Брейсгердл переместился на другую сторону стола. Теперь между ним и Мейси был внушительный предмет мебели. Занятно, подумала Мейси, этот человек решил отгородиться, когда речь зашла о Геронсдине.
– Про деревню ничего особенного не знаю; по крайней мере про хулиганство.
– Вот как? Я думала, вы живете в Геронсдине, мистер Брейсгердл.
– Ну да, живу – а насчет поджогов не в курсе. – Он пожал плечами. – Если вы про пожар у Фреда Йомена, так старый недотепа сам уголья рассыпал, сам и виноват.
Мейси поняла: разговор перестал быть продуктивным. Однако ей хотелось еще поднажать на Брейсгердла:
– А вы помните налет «цеппелина»?
– Такое разве забудешь?
– Конечно. Мне говорили, тогда погиб пекарь и его семья. Неудивительно – ведь они жили над пекарней.
– Так и было.
– Но почему же на этом участке земли никто ничего не построил? Почему там нет, например, мемориальной плиты?
Брейсгердл передернул плечами:
– Пускай лучше так будет. Пекарь с семьей похоронены на кладбище возле церкви.
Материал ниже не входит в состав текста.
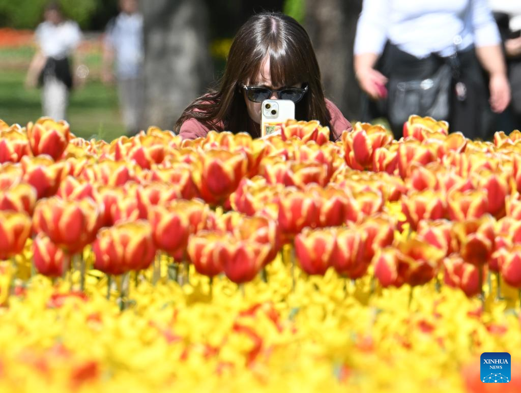 A woman takes photos of blooming flowers at a park in Valeggio sul Mincio, Verona, Italy, April 4, 2026. (Photo by Alberto Lingria/Xinhua)

– Да, знаю. Просто я подумала…
Брейсгердл взглянул на стенные часы:
– Простите, мисс, время не ждет. Работы по горло. Если у вас все, то я, пожалуй…
– Да, конечно. – Мейси поднялась, отряхнула юбку. – Спасибо, что согласились поговорить со мной.
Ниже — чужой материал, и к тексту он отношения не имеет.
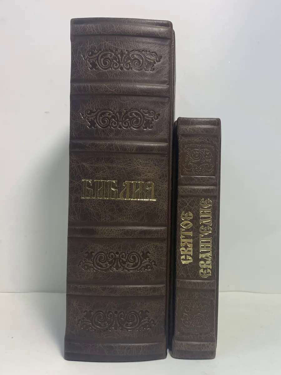 Каждый экземпляр – это результат кропотливой работы мастеров, создающих долговечные произведения искусства. Кожаный переплет защищает страницы от времени, а золотое тиснение придает книгам особую торжественность. Читайте и перечитывайте эти важные тексты, наслаждаясь тактильными ощущениями от прикосновения к натуральной коже и ощущая связь с многовековой историей. "Библия" и "Евангелие" в кожаном переплете – это инвестиция в духовное наследие и изысканный предмет интерьера, который будет передаваться из поколения в поколение. Откройте для себя красоту веры и мастерства в каждой странице.

Но Брейсгердл уже скрылся за дверью, ведшей в мастерские.
* * *
Мейси укрепилась в своем впечатлении о Сандермире: мот, получающий удовольствие от мотовства и от всеобщего внимания, которое всегда сопутствует богачам. Для таких нет ничего приятнее расточительства. Таким нравится, когда их считают владельцами бизнеса и земли, но ни коммерческой жилкой, ни рачительностью они не обладают, а советов не слушают. Теперь Мейси не сомневалась: Сандермир, как она и намекнула Джеймсу Комптону, водит за нос своих страховщиков. Возможно, он получил компенсацию за ущерб, нанесенный огнем его конюшне и кирпичному заводу. Но вот как насчет ценностей, украденных из дому? Получена ли страховка на них? Опись находится в полицейском участке, хотя подозреваемые, пожалуй, уже отпущены и выплата страховки, судя по всему, откладывается. Что выкинет Сандермир, доведенный до отчаяния? Мейси его раскусила: он уязвим, как всякий зависимый человек. Например, как алкоголик, не знающий точно, сколько у него осталось горячительного. Только Сандермир зависит от денег, а паче того – от кружащего голову расточительства и от всеобщего внимания. Лишить Сандермира этих удовольствий – и он станет подобен наркоману, лишенному зелья. А значит, способен на все? Неужели именно жажда внимания (по мнению Мейси, в ней крылся корень всех дурных черт Сандермирова характера) заставляет этого человека совершать поджоги, неужели поэтому он стал пироманом? Или он покатился по наклонной плоскости из-за того, что не было контроля над другими аспектами его жизни?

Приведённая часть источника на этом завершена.